Mr. Bennett soon received an extortion note, which he shared with The Times. It was signed by Scrim, another of Mr. Clark’s online aliases, according to several of his online friends.

“We just want the remainder of the funds in the Bittrex,” Scrim wrote, referring to the Bitcoin exchange from which the coins had been taken. “We are always one step ahead and this is your easiest option.”

In April, the Secret Service seized 100 Bitcoins from Mr. Clark, according to government forfeiture documents. A few weeks later, Mr. Bennett received a letter from the Secret Service saying they had recovered 100 of his Bitcoins, citing the same code that was assigned to the coins seized from Mr. Clark.

It is unclear whether other people were involved in the incident or what happened to the remaining 64 Bitcoins.

Mr. Bennett said in an interview that a Secret Service agent told him that the person with the stolen Bitcoins was not arrested because he was a minor. The Secret Service did not respond to a request for comment.

By then, Mr. Clark was living in his own apartment in a Tampa condo complex. He had an expensive gaming setup, a balcony and a view of a grassy park, according to friends and social media posts.

Two neighbors said that Mr. Clark kept to himself, coming and going at unusual hours and driving a white BMW 3 Series.

On an Instagram account that has since been taken down, @error, Mr. Clark also shared videos of himself swaying to rap music in designer sneakers. He was given a shout-out on Instagram by a jeweler to the hip-hop elite, with a picture showing that Mr. Clark, as @error, had purchased a gem-encrusted Rolex.

Mr. Xio, who became close friends with Mr. Clark, said the April run-in with the Secret Service shook Mr. Clark.

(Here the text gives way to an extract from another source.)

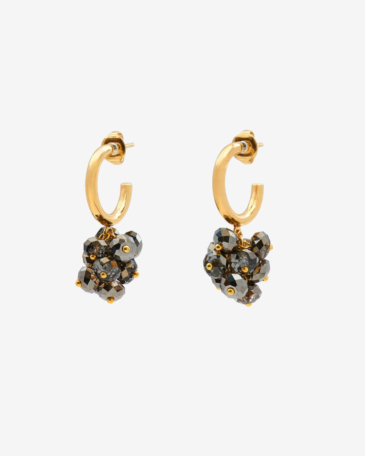 These Polly Earrings by Isabel Marant are beaded hoop earrings in gold-finish brass, adorned with crystal bead pendants. Their semi-open design and intricate detailing make them a perfect accessory for adding a touch of elegance to any look.

“He knew he was given a second chance,” Mr. Xio said. “And he wanted to work on being as legit as possible.”

But less than two weeks after the Secret Service seizure, prosecutors said Mr. Clark began working to get inside Twitter. According to a government affidavit, Mr. Clark convinced a “Twitter employee that he was a co-worker in the IT department and had the employee provide credentials to access the customer service portal.”

For help, Mr. Clark found accomplices on OGUsers, according to the charging documents. The accomplices offered to broker the sale of Twitter accounts that had cool user names, like @w, while Mr. Clark would enter Twitter’s systems and change ownership of the accounts, according to the filings and accounts from the accomplices.

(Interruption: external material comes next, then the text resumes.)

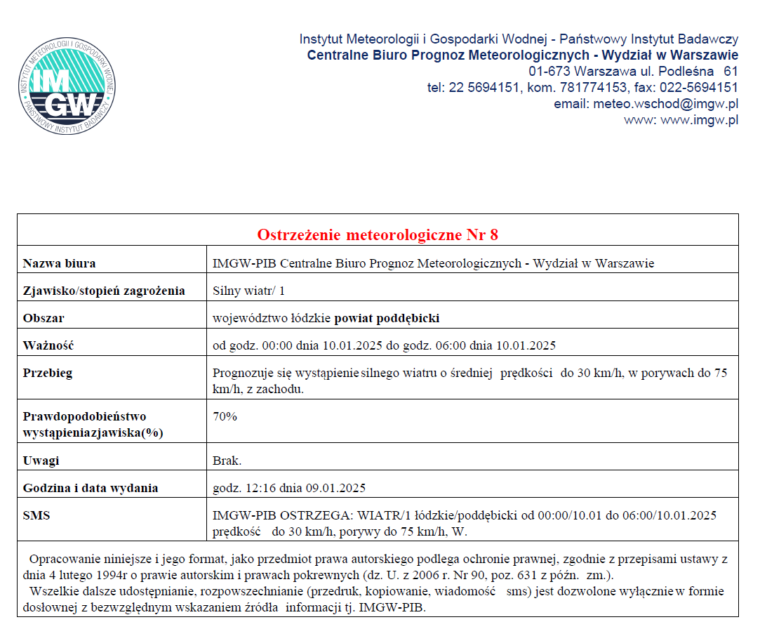Ostrzeżenie meteorologiczne - silny wiatr

Credit…Jim Wilson/The New York Times

The hack unfolded on July 15. A few days later, one accomplice, who went by the name “lol,” told The Times that the person they knew as the mastermind began cheating the customers who wanted to covertly buy the Twitter accounts. The hacker took the money and handed over the account, but then quickly reclaimed it by using his access to Twitter’s systems to boot out the client. It was reminiscent of what Mr. Clark had done earlier on Minecraft.

When Mr. Clark’s online acquaintances learned he had been charged with the hack, several said they were not surprised.

“He never really seemed to care about anyone but himself,” said Connor Belcher, a gamer known as @iMakeMcVidz who had previously teamed up on a separate YouTube channel with Mr. Clark before becoming one of his online critics.

Susan Jacobson contributed reporting from Tampa, Fla. Sheelagh McNeil and Jack Begg contributed research.